Carmen Delahunt walked through the door of Computer Room and made a beeline for Barbara Price. The only female on the Farm’s cyberteam, Delahunt served as a pivotal balance between Tokaido’s hotshot hacking magic and Wethers’s more restrained, academic style.

Delahunt finished her conversation and snapped her cell phone shut as she walked up to Price. She pointed toward the newspaper in the mission controller’s hand.

“You see that about Sincanaros?” she asked. “As soon as I saw that name, it rang a bell. I ran a profile—not pretty.”

Price smiled. “You read my mind, Carmen,” she said. “Once we have Phoenix and Able taken care of, why don’t you send me a summary in case anything comes of it.”

“Will do.” Delahunt nodded. “I have to double-check the Mediterranean arrangements we made for Phoenix’s extraction with the ‘package.’ It’s nice to be able to tap the resources of larger groups like the Agency, but coordination is a nightmare.”

“Let me know if anything goes wrong,” Price said.

Delahunt nodded, then turned and began to walk back across the floor toward the connecting door to the Annex’s Communications center, her fingers punching out a number on her encrypted cell phone.

Price smiled.

She could feel the energy, the sense of purpose that permeated the room, flow into her. Out there in the cold, eight men on two teams were about to enter into danger for the sake of their country. If they got into trouble, if they needed anything, they would turn to her and her people.

She did not intend to let them down.

She made her way to a nearby desk where a light flashing on the desktop phone let her know a call was holding. She looked over at Kurtzman and saw the man returning a telephone handset to its cradle. He pointed toward her.

“It’s Hal on line one,” he said.

“Thanks, Aaron,” she answered.

She set her coffee and paper down and picked up the handset. She put the phone to her ear.

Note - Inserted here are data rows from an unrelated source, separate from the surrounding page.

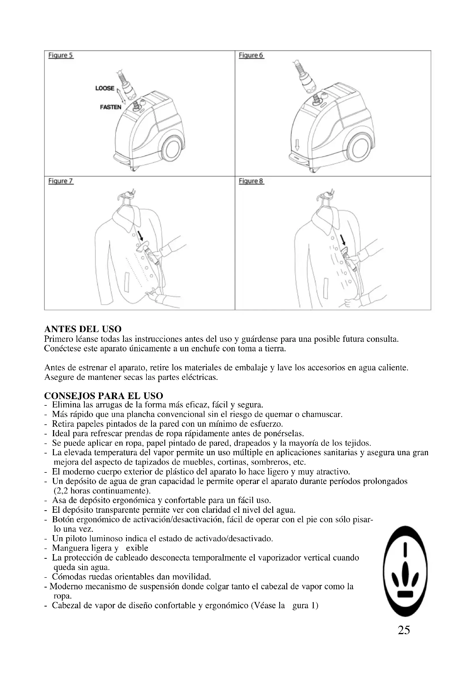 - Elimina las arrugas de la forma más eficaz, fácil y segura. - Más rápido que una plancha convencional sin el riesgo de quemar o chamuscar. - Retira papeles pintados de la pared con un mínimo de esfuerzo. - Ideal para refrescar prendas de ropa rápidamente antes de ponérselas. - Se puede aplicar en ropa, papel pintado de pared, drapeados y la mayoría de los tejidos. - La elevada temperatura del vapor permite un uso múltiple en aplicaciones sanitarias y asegura una gran mejora del aspecto de tapizados de muebles, cortinas, sombreros, etc. - El moderno cuerpo exterior de plástico del aparato lo hace ligero y muy atractivo. - Un depósito de agua de gran capacidad le permite operar el aparato durante períodos prolongados (2,2 horas continuamente). - Asa de depósito ergonómica y confortable para un fácil uso. - El depósito transparente permite ver con claridad el nivel del agua. - Botón ergonómico de activación/desactivación, fácil de operar con el pie con sólo pisar- lo una vez. - Un piloto luminoso indica el estado de activado/desactivado. - Manguera ligera y flexible - La protección de cableado desconecta temporalmente el vaporizador vertical cuando queda sin agua. - Cómodas ruedas orientables dan movilidad. - Moderno mecanismo de suspensión donde colgar tanto el cabezal de vapor como la ropa. - Cabezal de vapor de diseño confortable y ergonómico (Véase la figura 1)26
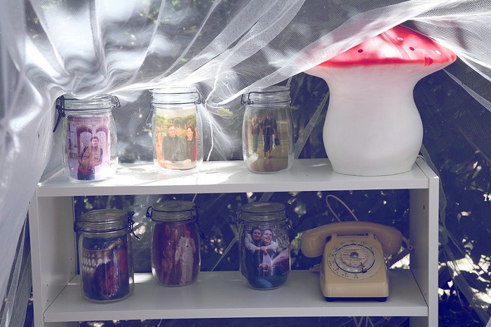 {moustiquaire, tapis, meuble: ikea // cantine: merlin the king // livres de contes: cyprien + emmaüs // socotel et lampe champignon: à moi // photos dans les bocaux: imprimées, découpées puis rangées. }
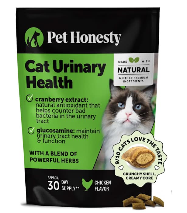 Pet Honesty's Urinary Tract Health for cats your little one will be good to go. Powerful wholesome ingredients including antioxidants, probiotics, and fiber, are packed inside a unique and award-winning texture format: it's crunchy on the outside and creamy on the inside, offering a taste and texture combination that cats love. Size: 0.25 lb
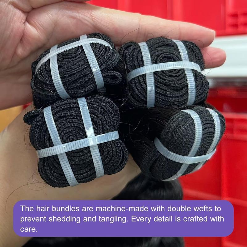 ·Lemoda Vingin Hair bundles-The bundles has been upgraded with every detail optimized.The double weft sewing technique firmly secures the hair, reducing shedding during wear and styling, and ensuring long-lasting durability.A stronger construction allows the hair to withstand multiple installs and styling sessions.The bundles are also full to the ends, with no thick-top and thin-end issues.

“Hal, it’s Barb,” she said.

“I’m holding for the President on the other line,” Brognola said from his Justice Department office. “Are the men up and rolling?”

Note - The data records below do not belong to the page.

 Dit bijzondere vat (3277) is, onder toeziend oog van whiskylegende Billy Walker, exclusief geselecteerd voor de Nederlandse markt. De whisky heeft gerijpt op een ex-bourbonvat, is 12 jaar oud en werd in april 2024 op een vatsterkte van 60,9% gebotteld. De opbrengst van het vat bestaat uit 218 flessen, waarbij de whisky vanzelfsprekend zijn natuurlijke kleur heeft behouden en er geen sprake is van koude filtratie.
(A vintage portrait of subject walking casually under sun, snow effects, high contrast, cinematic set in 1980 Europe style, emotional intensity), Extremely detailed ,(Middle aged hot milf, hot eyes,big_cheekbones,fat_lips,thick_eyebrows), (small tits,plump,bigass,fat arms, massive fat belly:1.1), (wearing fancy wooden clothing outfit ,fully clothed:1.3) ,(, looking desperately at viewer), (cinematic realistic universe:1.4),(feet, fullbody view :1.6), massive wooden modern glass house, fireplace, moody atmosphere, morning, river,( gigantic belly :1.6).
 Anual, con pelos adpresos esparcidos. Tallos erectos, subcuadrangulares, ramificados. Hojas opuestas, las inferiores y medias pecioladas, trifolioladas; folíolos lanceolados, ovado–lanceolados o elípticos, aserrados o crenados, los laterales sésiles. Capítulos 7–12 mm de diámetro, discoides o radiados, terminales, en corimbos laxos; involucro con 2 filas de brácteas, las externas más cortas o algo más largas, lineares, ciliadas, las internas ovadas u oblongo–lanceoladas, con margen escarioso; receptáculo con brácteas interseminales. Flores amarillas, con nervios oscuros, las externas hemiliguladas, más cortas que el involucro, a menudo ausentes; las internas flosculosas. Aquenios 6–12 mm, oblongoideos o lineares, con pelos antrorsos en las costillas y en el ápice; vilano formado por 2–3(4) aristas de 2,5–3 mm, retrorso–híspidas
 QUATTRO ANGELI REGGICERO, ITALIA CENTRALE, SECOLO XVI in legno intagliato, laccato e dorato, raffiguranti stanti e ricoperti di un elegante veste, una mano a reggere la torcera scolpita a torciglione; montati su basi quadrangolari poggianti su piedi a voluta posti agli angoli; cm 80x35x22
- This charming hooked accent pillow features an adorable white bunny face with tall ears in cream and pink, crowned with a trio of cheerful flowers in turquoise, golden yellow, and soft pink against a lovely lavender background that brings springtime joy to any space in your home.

“As we speak,” Price answered. “Tell him both operations are prepped to launch.”

“All right. Let’s hope this one goes by the numbers,” the gruff federal agent said.

“As always,” she agreed, and hung up.

“All right, people,” she announced to the room. “Let’s roll.”

CHAPTER ONE

Lost Parish, New Orleans, Louisiana

The men hung from chains.

Gabriel Gonzales turned his blindfolded head and spit blood from his mouth. His lips were swollen and his teeth loose from where the Zetas gunmen had smashed a rifle butt into his face. His nose had been broken, so the act of spitting left him breathless. He quickly sucked in air, trying not to choke on blood. The air was stale and tinged with the harsh chemical smell of spilled oil.

His arms screamed in their sockets, and Gonzales pushed his toes against the concrete floor beneath his feet to give them some relief. Around him he heard the moans and shuffling of the two other men hanging next to him. He didn’t know who they were, as they had already been bound and blindfolded in the back of the Lincoln Navigator SUV when he’d been picked up.

Let them have gotten my call, he prayed silently.

The sound of vibrating corrugated metal reached him as a door slammed. The noise echoed in hollow tones and Gonzales realized he had to be inside a large structure, such as an abandoned factory or, more probably, an empty warehouse. He heard the sounds of boot soles striking the floor as a group of men muttering low in Spanish moved closer.